> **WHAT THE TASK REQUIRES**: Somewhere below are a line with "Petite robe noire" and a later line with "連日の好天を受けてこの日の朝". Output exactly those lines and all lines between them.

> **SOURCE DATA**:
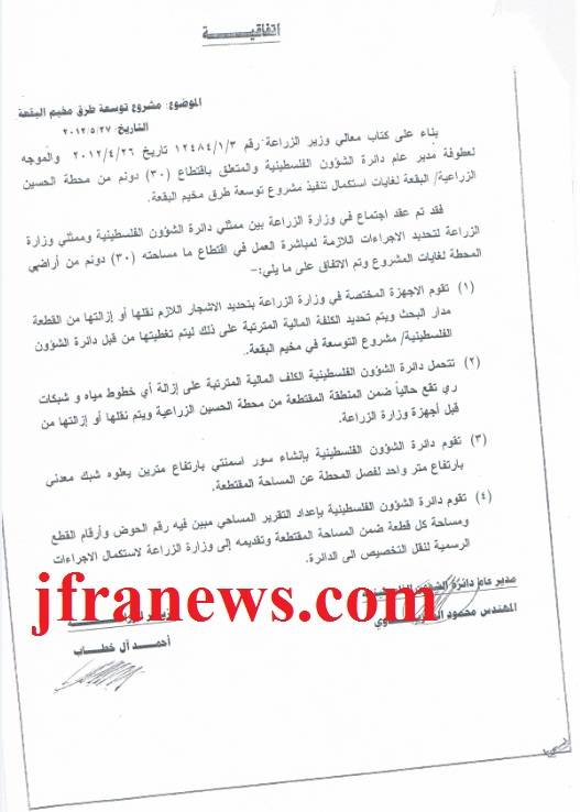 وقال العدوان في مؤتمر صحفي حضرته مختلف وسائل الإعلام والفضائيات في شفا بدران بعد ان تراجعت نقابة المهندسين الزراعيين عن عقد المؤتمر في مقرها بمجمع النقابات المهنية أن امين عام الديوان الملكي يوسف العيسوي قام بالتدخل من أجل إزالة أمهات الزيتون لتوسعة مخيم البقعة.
--
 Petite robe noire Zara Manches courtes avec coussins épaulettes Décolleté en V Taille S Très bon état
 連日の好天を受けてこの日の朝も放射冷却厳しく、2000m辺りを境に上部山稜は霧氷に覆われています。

> **OUTPUT OF THE TASK**:
 Petite robe noire Zara Manches courtes avec coussins épaulettes Décolleté en V Taille S Très bon état
 連日の好天を受けてこの日の朝も放射冷却厳しく、2000m辺りを境に上部山稜は霧氷に覆われています。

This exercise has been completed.